Sandra Stevens is a race fan from Hardy, Kentucky visiting Ashford Stud.

“How big is seeing American Pharoah? As good as meeting the President of the United States,” she said.

He is a man of the people and at Ashford, Scott Calder sees it every day.

“He is pretty unique for a stallion. He's very laid back. Yeah, he's unflappable really, he's an easy horse to have around the place,” he said.

That's right, the hard charging three-year-old on the track, according to stallion manager Richard Barry, is, well, “He’s as quiet as a lamb, never done anything bad he's a pure gentlemen to be around. He's a very good boy. Compared to the rest of them, he’s a saint!”

American Pharoah the Kentucky Derby winner is now 150 pounds heavier.

The runaway winner of the Preakness in the pouring rain is now a busy, money-making stallion with more than 90 mares pregnant with his foals.

The winner of the Belmont, the first horse to win the Triple Crown in 37 years, is now rolling in the mud in the mornings and still the hottest ticket in Kentucky.
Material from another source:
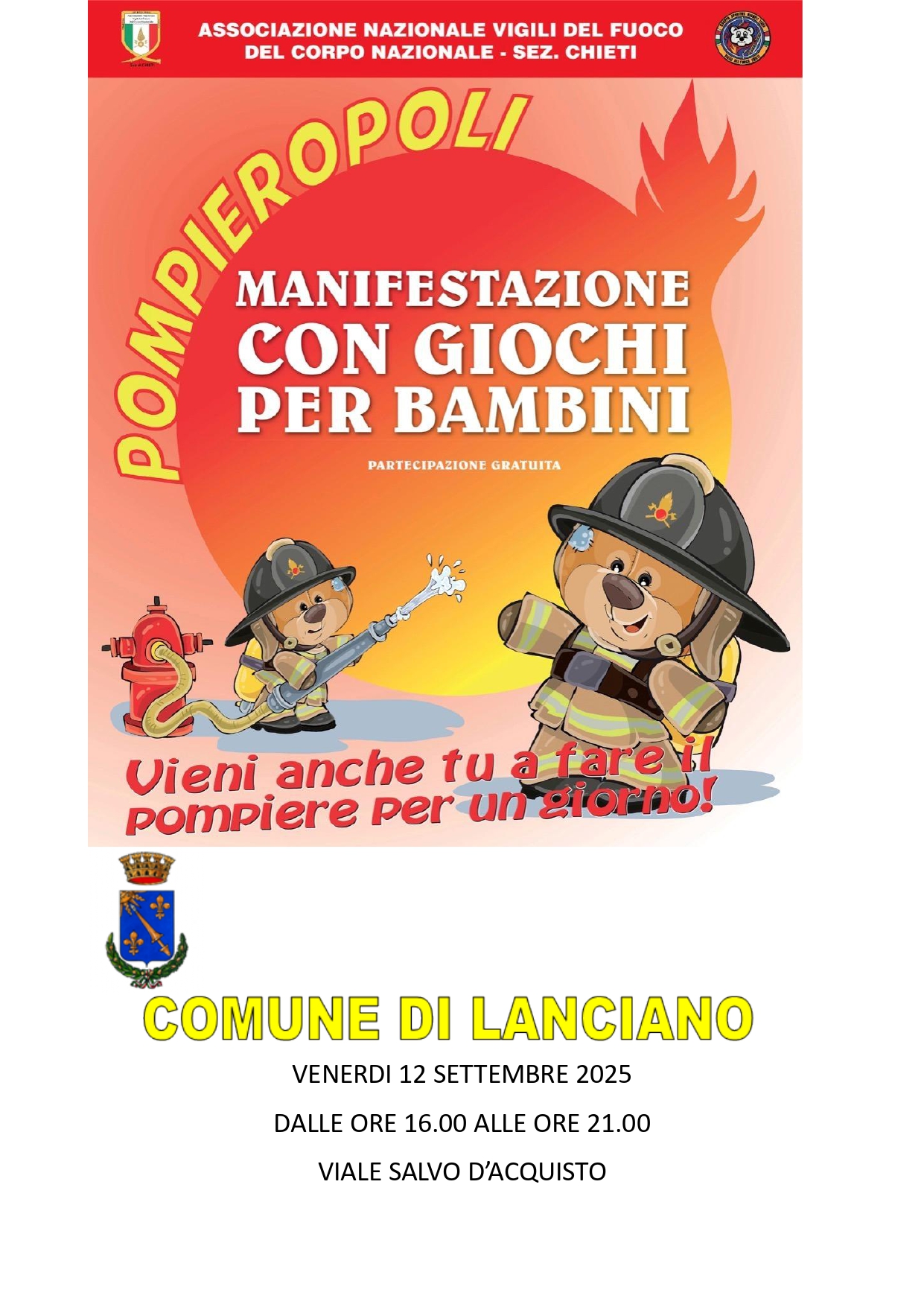 Cos'è Manifestazione con giochi e attrazioni per bambini che potranno diventare pompieri per un giorno.

“We get friends of friends calling here and we've had quite a bit of famous people interested in seeing him,” Calder said.
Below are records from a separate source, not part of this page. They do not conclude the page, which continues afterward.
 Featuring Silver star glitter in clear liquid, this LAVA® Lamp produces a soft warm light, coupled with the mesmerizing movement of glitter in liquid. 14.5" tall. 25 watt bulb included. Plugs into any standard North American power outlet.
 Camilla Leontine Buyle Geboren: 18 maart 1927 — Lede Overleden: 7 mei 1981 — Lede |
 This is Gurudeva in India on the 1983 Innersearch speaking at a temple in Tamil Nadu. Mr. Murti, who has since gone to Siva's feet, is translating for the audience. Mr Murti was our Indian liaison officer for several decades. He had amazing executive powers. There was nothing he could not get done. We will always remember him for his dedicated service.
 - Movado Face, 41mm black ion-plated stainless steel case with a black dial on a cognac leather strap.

Five days a week, the public is invited in behind the historic walls. Founded in 1912 at nearly 500 acres, Ashford Stud has grown to over 5,000 acres.

It was created by the king of bourbon at the time, Colonel Edmund Taylor of the Castle: Old Taylor Distillery. The home to famous race horses was actually a cattle farm until 1970.

Right on schedule for the daily tours, the cars start pouring in and so do the crowds at 20 bucks a pop.

They are ready with their cameras.

“I was really surprised we got up close and personal with him,” Vaneeca Motley of Louisville said.

He does this once a day, five a days a week.

“The beauty, the love, he's got such a heart when you see him, I mean its love,” Stevens of Hardy, Kentucky who was smitten.

He stands there, looking right back.

Watch his ears. It’s all attention that he absorbs.

It's no accident that he’s compared to the other king of racing with heart and personality and a Triple Crown – Secretariat, who died at Claiborne Farm outside Lexington in 1989.

Secretariart still holds the race records for each leg of the Triple Crown, and was a slightly bigger horse than Pharoah.

Calder says the legend of Secretariat has swelled the crowds.

“A lot of people are wondering whether they’d get a chance to visit another Triple Crown winner during their lifetime.”

Stallion Manager Barry has a prediction.

“Hopefully he'll still be breeding when he's 20-plus. That’s seventeen years. The average is 110 or 120 babies a year.”

Meet one of the most important mares in America right now, She’s Untouched Talent – the first mare to be pregnant by Pharoah.

Unlike the calm and cool Pharoah, she is full of herself. She danced all around us while we were there.

When she became pregnant, Ashford Stud announced the news in March with fanfare and posted an ultrasound of the foal at 28 days. She will be pregnant 11 months.

So what do we make of Pharoah's future sons and daughter's?

“My gut feeling is that if he passes 10 percent himself on to these babies, we'll be quite successful,” Barry said.

The cost for each breeding session is $200,000. Sometimes Pharoah breeds three times a day, and will do so on Oaks and Derby this year.

Payment is not due until the foal is born, stands and then nurses for the first time.

He’s gone from the racetrack and the record crowds, but at Blood Horse Magazine in Lexington, Editor-in-Chief Eric Mitchell says he's still important.

He did something once thought impossible: he reversed a trend.

“I don't think the sport loses anything. If anything the sport gained fans who watched this horse,” Mitchell said.

The policy at Ashford Stud is that these race horses will never have another saddle put on their back.

This is their life from here on out and the pressure remains.

Secretariat's offspring never lived up to his billing.

“His legacy now is everyone's looking forward again when his foals are born, how successful they are going to be, can he sire a Triple Crown winner himself. In the horse business you're always looking forward for the next big horse,” Calder pointed out.